Article 2 : L'Etat versera à M. A...une somme de 3 000 euros au titre de l'article L. 761-1 du code de justice administrative.
Article 3 : La présente décision sera notifiée au ministre des finances et des comptes publics et à M. B...A....




Analyse

Abstrats : 48-02-04 PENSIONS. PENSIONS CIVILES ET MILITAIRES DE RETRAITE. CONTENTIEUX DES PENSIONS CIVILES ET MILITAIRES DE RETRAITE. - ANNULATION D'UN REFUS D'ADMISSION ANTICIPÉE À LA RETRAITE AVEC JOUISSANCE IMMÉDIATE DE PENSION - EXÉCUTION - ADMISSION À LA RETRAITE À LA DATE DEMANDÉE, MAINTIEN EN FONCTION JUSQU'AU DÉPART EFFECTIF ET SUPPLÉMENT DE LIQUIDATION DE PENSION [RJ1].

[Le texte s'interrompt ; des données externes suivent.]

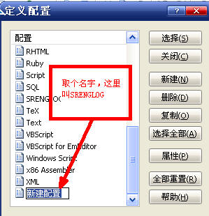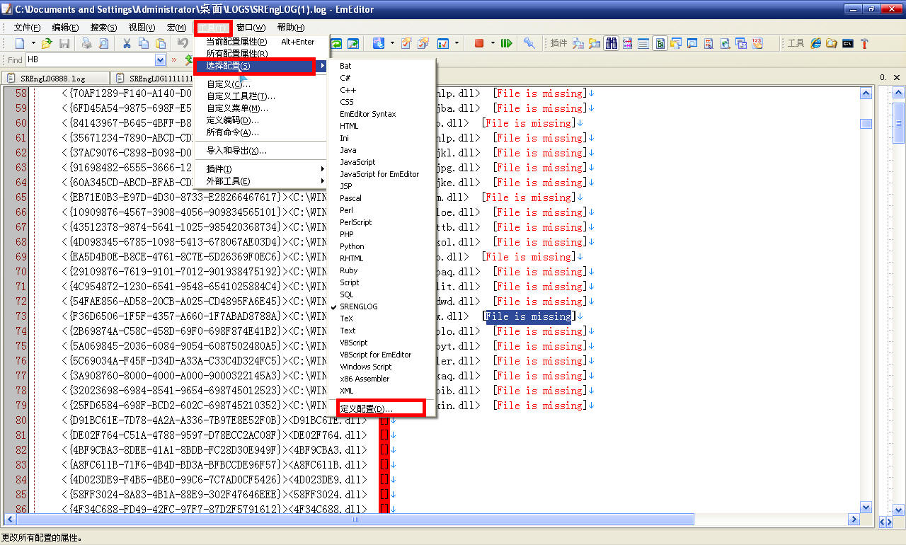 打开EmEditor.exe,然后打开一份日志,,工具-选择配置-定义配置

54-06-07-005 PROCÉDURE. JUGEMENTS. EXÉCUTION DES JUGEMENTS. EFFETS D'UNE ANNULATION. - ANNULATION D'UN REFUS D'ADMISSION ANTICIPÉE À LA RETRAITE AVEC JOUISSANCE IMMÉDIATE DE PENSION - EXÉCUTION - ADMISSION À LA RETRAITE À LA DATE DEMANDÉE, MAINTIEN EN FONCTION JUSQU'AU DÉPART EFFECTIF ET SUPPLÉMENT DE LIQUIDATION DE PENSION [RJ1].

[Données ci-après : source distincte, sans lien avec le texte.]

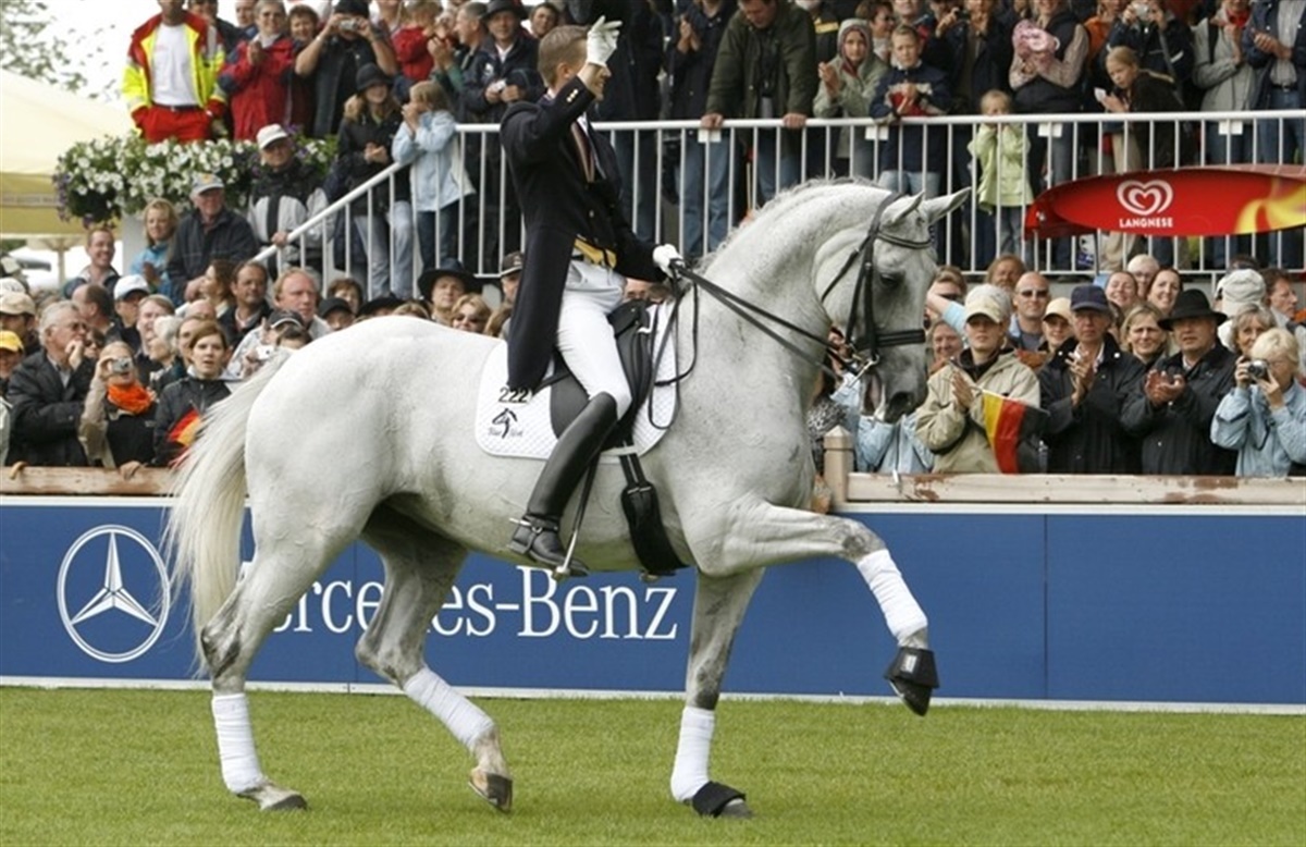 Nyheden om, at et af dressursportens største ikoner i de seneste år, og sikkert den mest kendte og feterede hoppe, Blue Hors Matiné, idag har taget sin sidste indånding, vil uden tvivl nå hele verden rundt på kort tid. Matiné var elsket og beundret af dressurentusiaster jorden rundt. En forbipasserende bemærkede, at der var noget alvorligt galt med den hvide hoppe på folden og alarmerede omgående personalet i ridehallen hos Blue Hors Aps. - Der var ingen tvivl om, at Matinés højre forben var brækket ved knæet, og dyrlægen konstaterede straks, at der absolut intet var at gøre for at redde hendes liv, fortæller direktør Esben Møller. Knapt 13-årige Blue Hors Matiné e. Blue Hors Silver Moon/Matador, opdrættet af Inger B. Katballe, stod netop overfor at skulle ifoles og forhåbentligt at gøre karriere i avlen. Hoppen har også en halvsøster, der har været international dressurhest på højeste plan, så forhåbninger til at kunne bringe Matinés stærke aner videre var ikke ubegrundede. Hoppens sportslige karriere har ikke været lang, men af sjældent store dimensioner. Under sin faste rytter, tidligere Blue Hors-berider Andreas Helgstrand, gjorde hoppen kometkarriere og opnåede på rekordtid at blive en af verdens mest feterede dressurheste og uden tvivl den mest kendte hoppe i sporten. Ved verdensmesterskabet WEG 2006 halede den unge danske ekvipage ind på hele verdenseliten og vandt mesterskabets indledende Grand Prix på det enorme stadion i Aachen. I Grand Prix Special vandt de bronze og i Grand Prix Kür vandt Matiné og Andreas sølvmedalje. Deres Kür-ridt blev hurtigt den mest sete dressurvideo på internettet og har på portalen Youtube været set næsten ti millioner gange! Det er med stor sorg, at Blue Hors Aps i dag har måttet tage afsked med deres pragtfulde hoppe, og det er uden tvivl en nyhed, der vil røre hestefolk og dressurentusiaster verden over. Se videoen igen og bliv dybt rørt!

Résumé : 48-02-04 Lorsque le juge annule le refus d'accorder à un fonctionnaire ayant élevé trois enfants et justifiant de quinze années de service le bénéfice de la retraite anticipée avec jouissance immédiate des droits à pension et que, pour exécuter cette décision de justice, l'administration prononce l'admission à la retraite du fonctionnaire à la date à compter de laquelle le bénéfice de la retraite anticipée lui était acquis et son maintien en fonctions pour la période allant de cette date à celle à laquelle il a effectivement quitté ses fonctions, l'intéressé a droit, au titre de cette période, au versement de son traitement avec retenues pour pension ainsi qu'à un supplément de liquidation pour la pension qui lui est versée à compter du jour de la cessation de ses fonctions, dans la limite du nombre de trimestres nécessaires pour obtenir le pourcentage maximum de celle-ci.

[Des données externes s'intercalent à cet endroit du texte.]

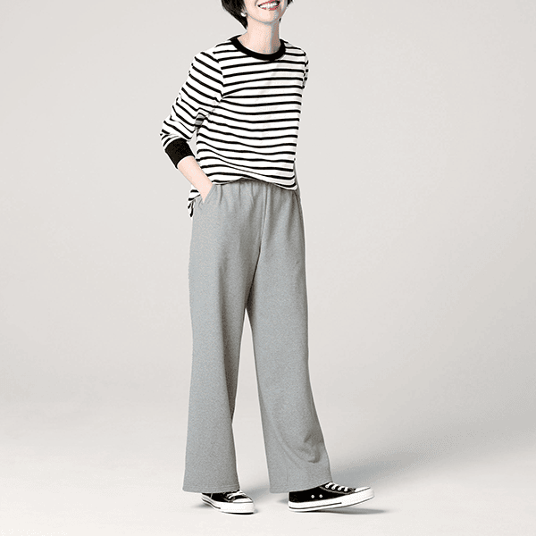 綿100%のしっかり生地できれい見え♪下半身をカバーするワイドパンツ

54-06-07-005 Lorsque le juge annule le refus d'accorder à un fonctionnaire ayant élevé trois enfants et justifiant de quinze années de service le bénéfice de la retraite anticipée avec jouissance immédiate des droits à pension et que, pour exécuter cette décision de justice, l'administration prononce l'admission à la retraite du fonctionnaire à la date à compter de laquelle le bénéfice de la retraite anticipée lui était acquis et son maintien en fonctions pour la période allant de cette date à celle à laquelle il a effectivement quitté ses fonctions, l'intéressé a droit, au titre de cette période, au versement de son traitement avec retenues pour pension ainsi qu'à un supplément de liquidation pour la pension qui lui est versée à compter du jour de la cessation de ses fonctions, dans la limite du nombre de trimestres nécessaires pour obtenir le pourcentage maximum de celle-ci.



[RJ1]Rappr., s'agissant de la révision de la pension en exécution d'une décision du juge de l'excès de pouvoir, CE, 2 juillet 1965, Sieur Babouard, p. 409 ; CE, 3 décembre 1975, Dame Veuve Nicola, p. 611.